Lai’s monumental ‘Geographies’ take over a whole gallery and transport you to a parallel universe. These imaginative maps of the universe offer a glimpse of Lai’s personal cosmogony – the thread like an astral traveller and the fabric its universe. These works are opulent: in Il sole scucito (The Sun Shed, 1986), for example, an unravelling sun is depicted in golden thread against ruffled black velvet. 

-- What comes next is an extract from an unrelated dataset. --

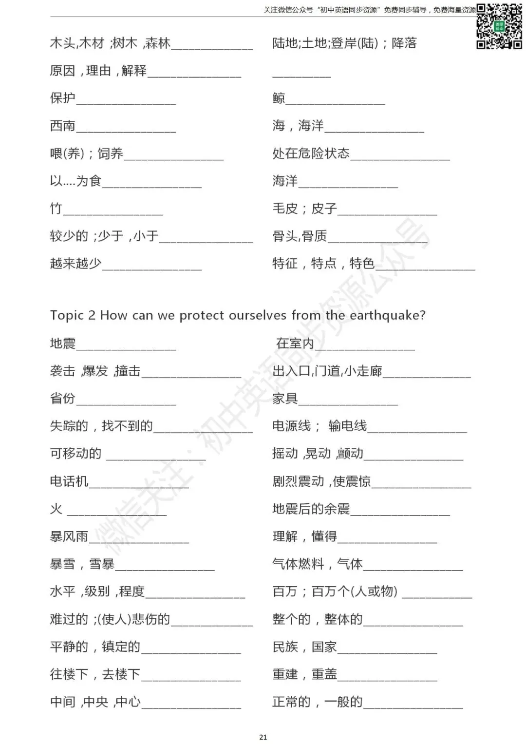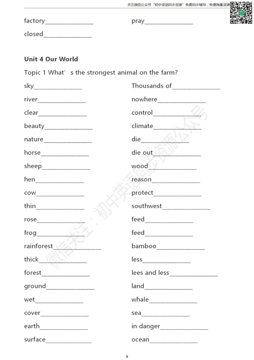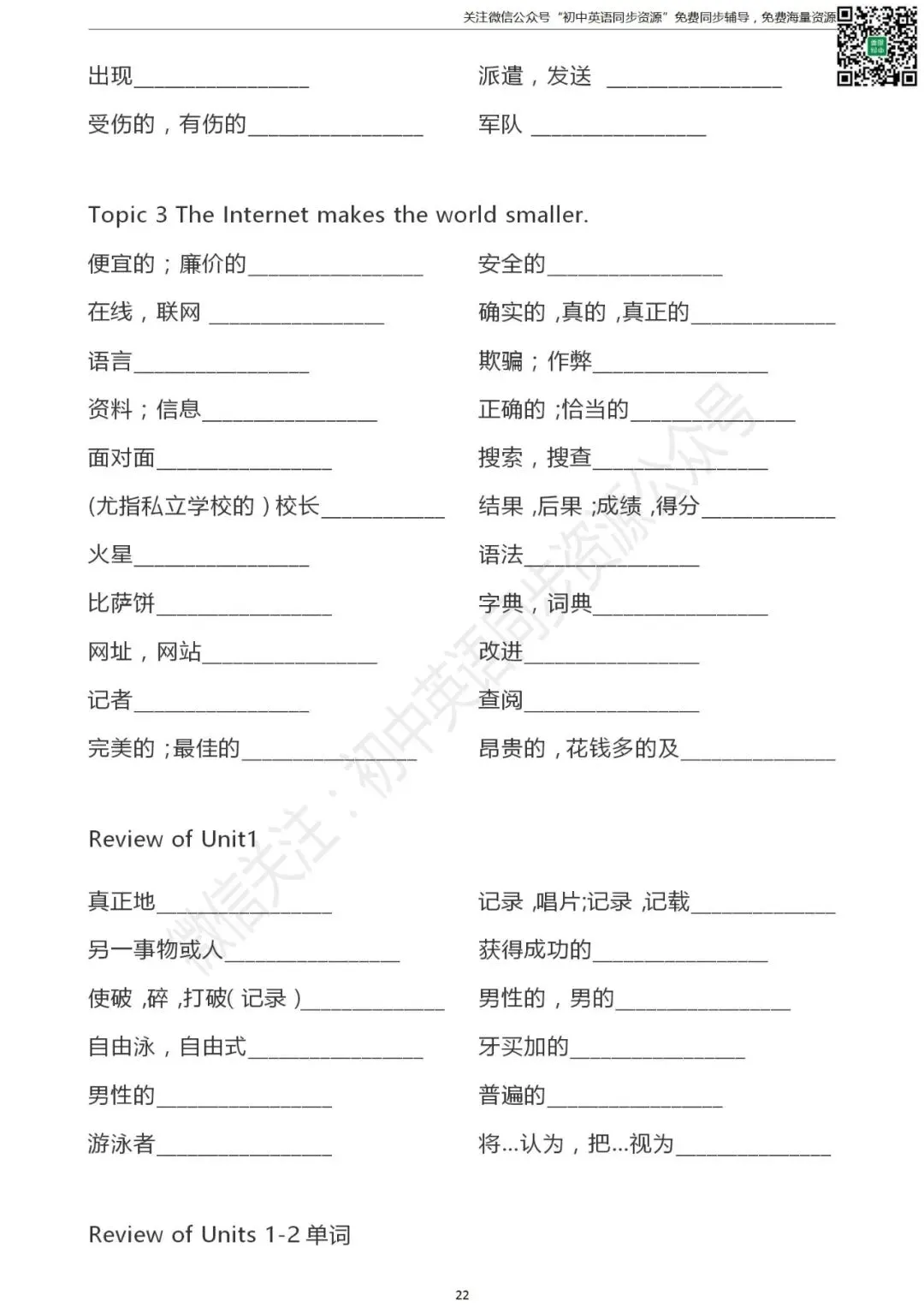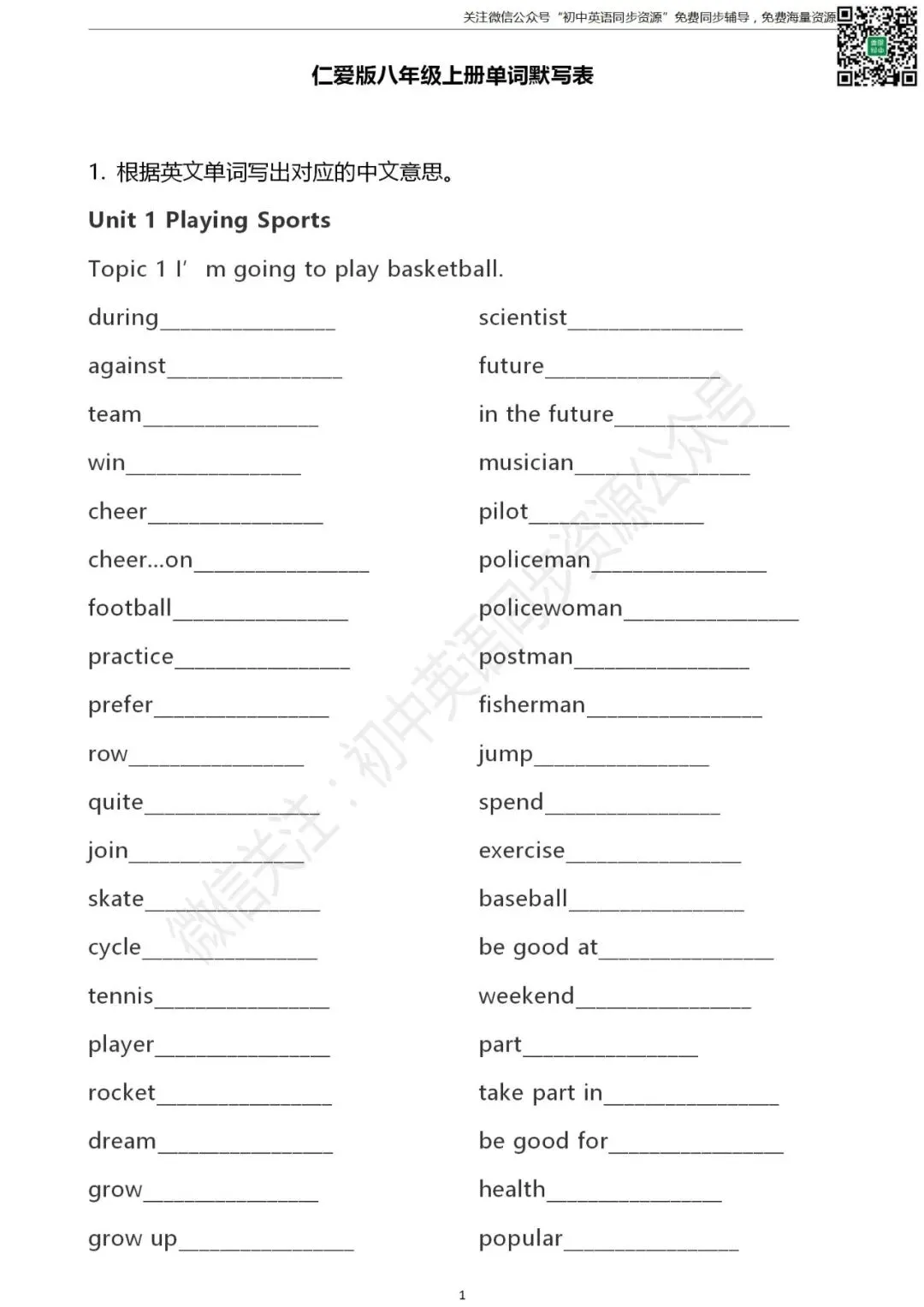 仁爱版 初中英语 八年级上册单词默写表(可打印)
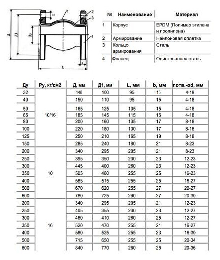 Компенсатор резиновый Benarmo EPDM Ду 200 Ру10 фланцевый

Maria Lai, Tenendo per mano il sole, installation view, 2019. Courtesy: Fondazione MAXXI; photograph: © Musacchio, Ianniello and Pasqualini 

Lai – who died in 2013 – believed that art should astonish, offering up clues, even a lifeline, to help us navigate our lives. Nowhere is this more evident than in her seminal performance piece Legarsi Alla Montagna (Bind to the Mountain, 1981). The first instance of relational art in Italy, the work brought together all the inhabitants of her hometown, Ulassai. Lai was originally commissioned to create a war memorial, which she refused, famously stating: ‘If you want to make history, you shouldn’t do what everyone else has done, you should do something new.’ She proposed tying each house in Ulassai to its neighbour with a blue ribbon, which would ultimately be tied to the mountain towering above. Her proposal stemmed from the local legend of a girl who escaped a landslide by leaving her shelter from a storm in order to chase a blue ribbon carried by the wind. This spontaneous action which ultimately saved her life, was, to Lai, an apt metaphor for art. Perhaps the most interesting aspect of the performance is its lengthy gestation, which in many ways reflected the duality explored in Lai’s art: many neighbours felt animosity towards each other and didn’t want to participate. Finally, the villagers came up with a code: where there was bad blood between neighbours, the ribbon would be straight; a knot where relations were peaceful; a bow represented friendship; and a traditional festive loaf of bread was tied in instances of love. The performance is documented by Piero Berengo Gardin’s gorgeous black and white photographs – a young woman beams at us as she ties the ribbon, a rock climber is just about visible at the top of the mountain as the ribbon cascades down the towering stone mountain – and a Super 8 video by Tonino Casula. Lai said: ‘a poem, made up of words, can be a monument, so why can’t the same by done with a ribbon?’ Its legacy endures and astonishes to this day. 

Tendendo per mano il sole (Taking the Sun by the Hand) is at MAXXI, Rome, Italy, until 12 January 2020

Main image: Maria Lai, Tenendo per mano il sole, installation view, 2019. Courtesy: Fondazione MAXXI; photograph: © Musacchio, Ianniello and Pasqualini 

Ana Vukadin is a writer, translator and editor who lives in Jesi, Italy.